Charlie Rose – Must not die!

Charlie Rose must not die! Ever!
Charlie Rose delivers guests and perspectives you can’t get anywhere else on TV, in print, or on the internet.
Where else can you go to hear Warren Buffet, Paul Volker, Paul Krugman, Tim Geithner, Laurence Summers, Nouriel Roubini, Hank Paulson, and Niall Ferguson weigh in on the economy for 30 minutes or more (and often multiple times) without commercial interruption? Let me save you some time, nowhere!
Maybe economics is not your thing. Before they passed, where could you have gone to hear authors Norman Mailer, John Updike, David Foster Wallace, and William Buckley? How about John Grisham, Studs Terkel, Tom Wolfe, or Malcolm Gladwell? Some of them you can find on the Booknotes archive, but nothing since 2004. Again, the answer to this question is nowhere but the Charlie Rose Show.
Maybe you don’t know any of the people I just mentioned? Pity. They have a lot of interesting and relevant things to say.
How about the scientist who c0-discovered DNA, James Watson? DNA is, after all, perhaps the most significant discovery of the 20th century. I bet he’s got something interesting to say. Well, guess what? Charlie’s interviewed him TEN times!
One more try, celebrities. You can hear Brad Pitt, George Clooney, Neil Young, Bill Clinton, Jimmy Carter, Tony Blair, Dolly Parton, Jay Z, Dave Mathews, and the Dali Lama elsewhere. But can you hear open up and speak unencumbered by the commercial break? No, where I know of.
Maybe it’s the desk.
Maybe it’s just Charlie.
A lawyer-turned-journalist, it is estimated that Rose has conducted over ten thousand interviews fulfilling Gladwell’s criteria for an “outlier.” His folksy North Carolina way and epic preparation create the perfect environment for guests to let it all hang out.

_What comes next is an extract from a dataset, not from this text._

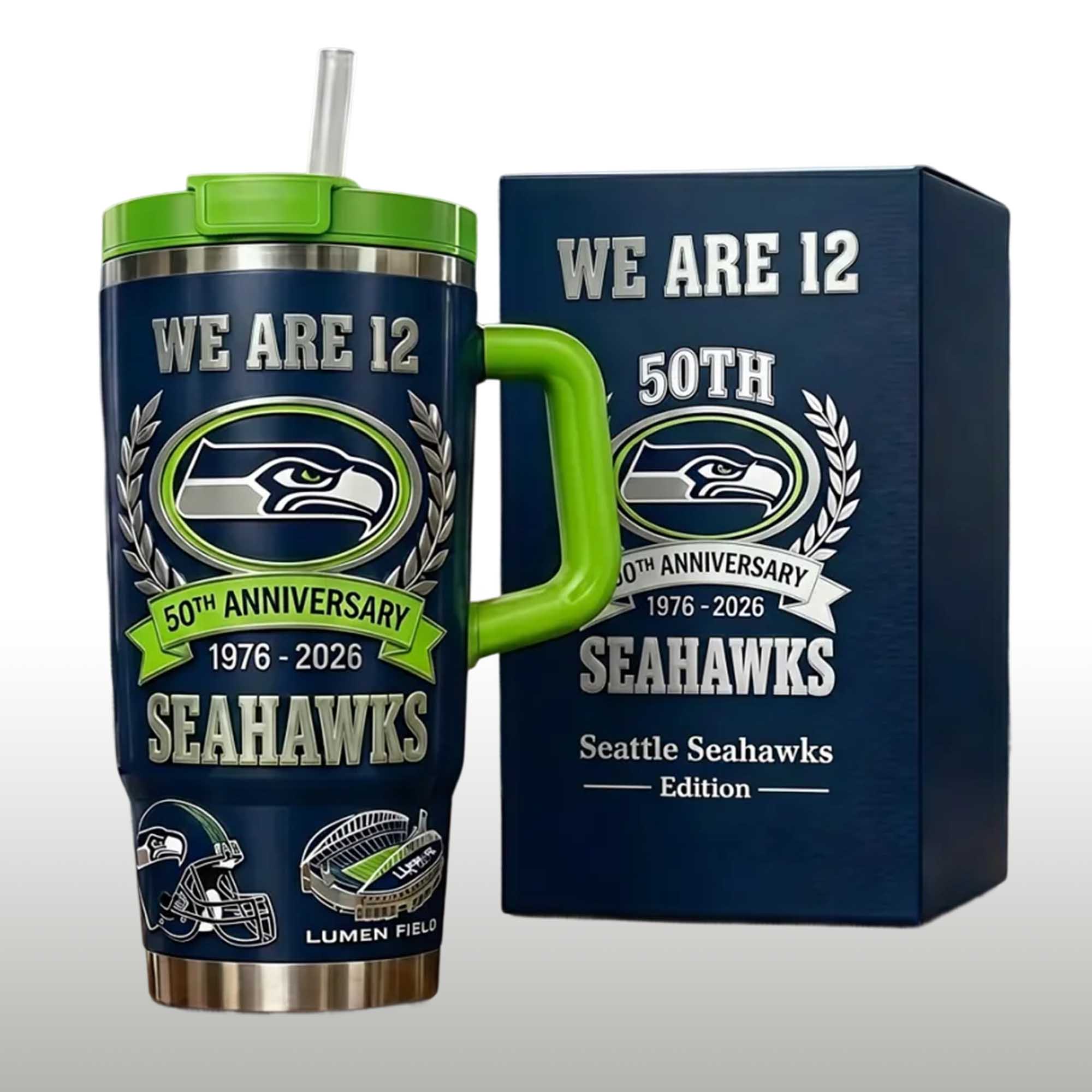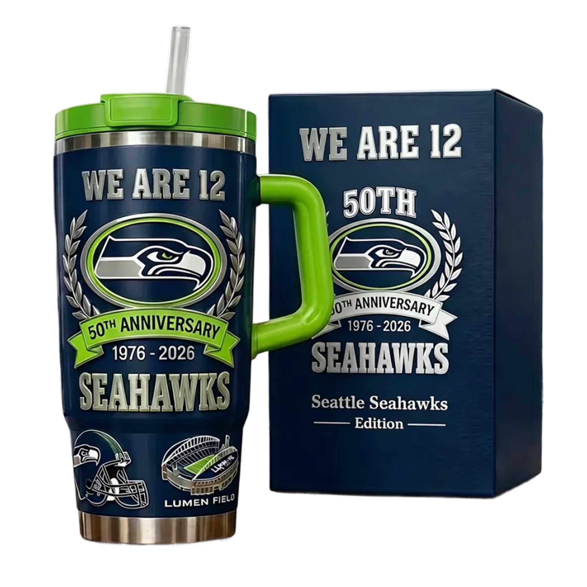 The Seahawks We Are 12 50th Anniversary 1976 2026 Tumbler was created as a tribute to one of the most passionate fan communities in sports. Marking 50 years of Seattle Seahawks history, this design highlights the legendary “We Are 12” identity. This commemorative edition reflects the unity, cheers, and loyalty values that have shaped Seahawks culture from its first game to the present day.
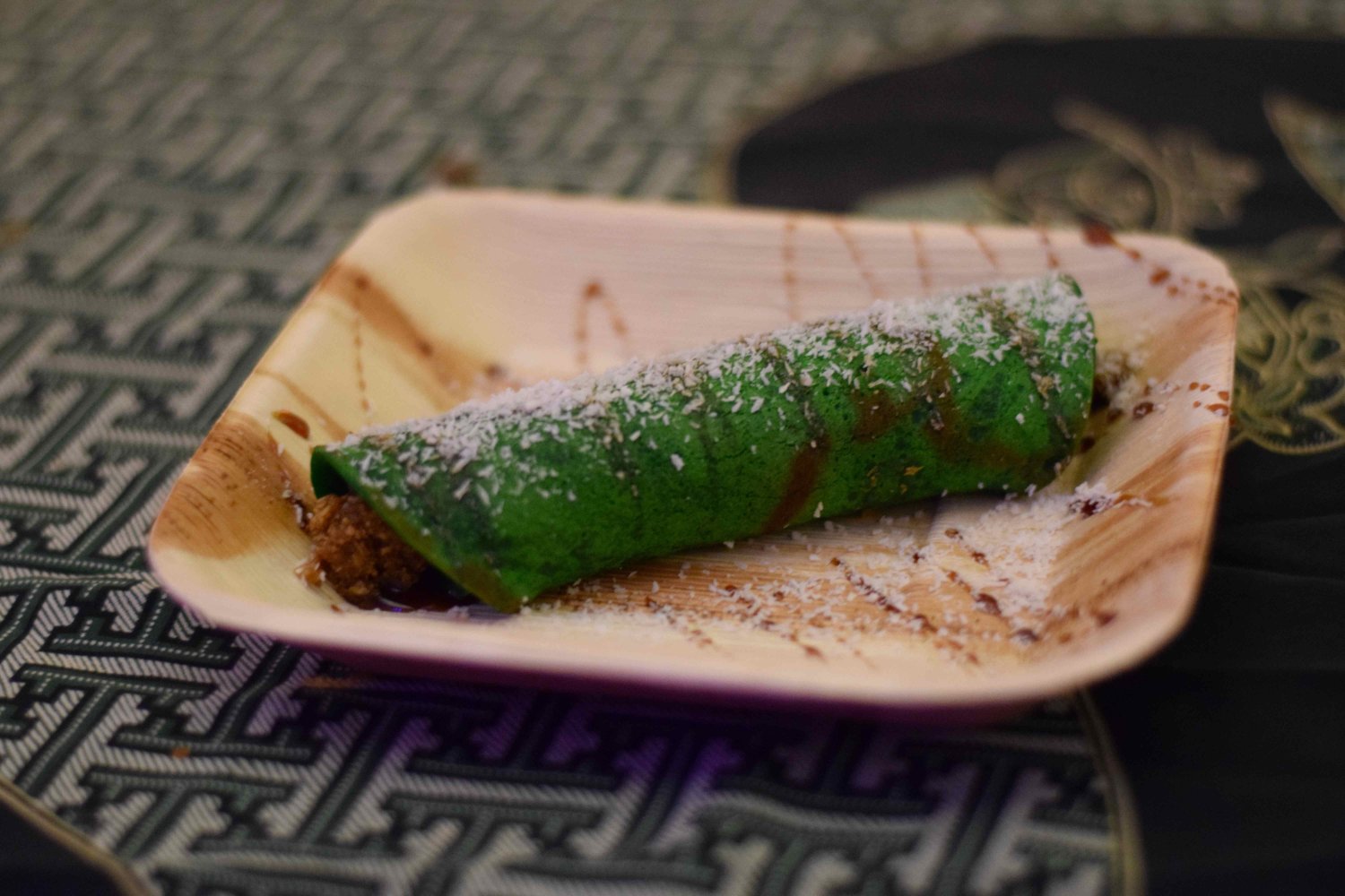 De Kue Dadar is een uniek gerecht! Het is een pandanflensje gevuld met palmsuiker en afgegarneerd met een klein beetje kokos. Erg lekker en heel zoet. Kue Dadar is een soort pannenkoek, met kleurstoffen en pandanvulling. Het gerecht wordt geserveerd met siroop en bruine suiker. Een erg mooie verbinding tussen de Nederlandse en Indonesische cultuur.

Charlie Rose is the best and most relevant show on TV for any thinking person who cares about what is going on in the world today. Sure, Charlie has his dead spots – primarily with too many leaders or emissaries from other countries commenting on world politics in accents impossible to penetrate. These are dull most of the time. Also, the 30-minute format sometimes hurts the show when he (and we) are stuck with a boring guest for the entire segment. These are minor criticisms, however.
It is embarrassing to watch Charlie get all giddy with sure female guests.
Several years ago had open heart surgery and seemed to be doing well. Let’s hope his team of doctors is on speed dial and he is getting regular checkups. Let’s hope he exercises and watches his BMI. Let’s hope he monitors his stress and keeps it within a healthy range.
We hope this because Charlie Rose must not die, ever. Where would we, that devoted following of about half a million nightly viewers, go to hear these topics discussed? The Sunday morning shows? Nope! Commercial interruptions kill the flow. Plus, these shows’ once-a-week format features guests with agendas.
How about the News networks? Bill O’Reilly? Rachael Maddow? Joe Scarborough? Nope, those shows have even more commercials than the network’s Sunday shows. Cable news hosts’ perspectives are more clearly politicized.
How about network TV? Couldn’t Jay Leno or David Letterman talk with Neil Young? Sure, they can. For three minutes!
Charlie Rose must not die. He is the last (if not only) bastion of regular intelligent discussion with essential people in the media. If you know of another, I won’t believe you. I have looked and come up empty-handed. There are some excellent podcasts, but no one I know of can touch Rose regarding the caliber of guests.
This is because Charlie is a unique, one-of-a-kind, never-to-be-replaced TV icon. In this respect, he is much like Johnny Carson – only much more excellent in his private life.
I pity those poor fools who fill in for Rose, secretly hoping they may get his gig should he decide to move to Paris permanently, play tennis all day, and get giddy with the ladies at night in some darkened bistro over foie gras. The truth is he’ll never let that happen. He’s picked up his workload (adding CBS mornings). It’s in his blood. Watson can confirm it’s in his DNA.
So thanks, Charlie, for doing all you do. Keep those guests coming. Keep asking your questions. Keep getting giddy with the ladies and the sports figures. We love you.
But most of all, Charlie, please, pretty please, don’t ever die! You’ll never be replaced.